Open torvalds-dev opened 1 year ago
torvalds.dev is analyzing the ticket
The issue [HUDI-7148] is about a potential thread insecurity problem of the heartbeat client in Apache Hudi. The problem arises when the heartbeat client is updating the heartbeat time for an instant (t1), and at the same time, the write client completes the commit of the instant (t1) and stops the heartbeat of the instant (t1). This leads to a situation where the try-catch block that updates the heartbeat catches an exception: File does not exist.
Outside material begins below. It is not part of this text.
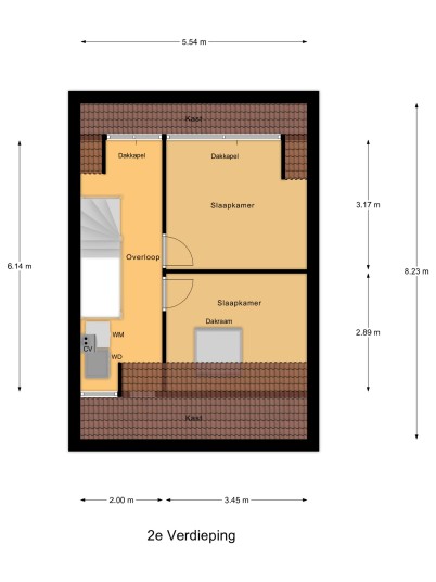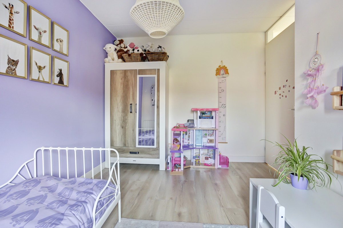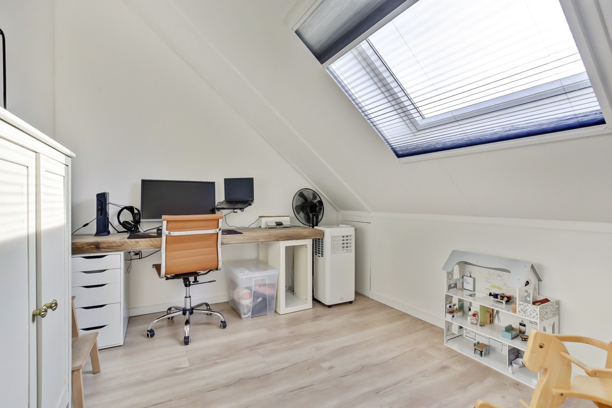 Tweede verdieping: vaste trap naar de lichte voorzolder waar de wasmachine, droger, mechanische ventilatie en c.v.-ketel (Intergas HR 2023) staan opgesteld. Achter de knieschotten is de nodige bergruimte beschikbaar. Aan de voorzijde van de woning is een mooie 4e slaapkamer aanwezig welke voorzien is van een Velux dakraam en aan de achterzijde is een 5e slaapkamer met ruime dakkapel (2022) aanwezig. De slaapkamers en overloop op de tweede verdieping zijn voorzien van een laminaatvloer.

The proposed solution is to add an additional check when handling this exception. The system should check again whether the heartbeat of t1 instant has been stopped by the writing client. If it has been stopped, the system should not throw this exception, but skip the update of this heartbeat directly. However, if it has not been stopped, the system should throw an exception at this time.
The relevant files to this issue are:
hudi-client/hudi-client-common/src/test/java/org/apache/hudi/client/heartbeat/TestHoodieHeartbeatClient.java
: This is the test file for the HoodieHeartbeatClient. It contains various test cases to check the functionality of the heartbeat client.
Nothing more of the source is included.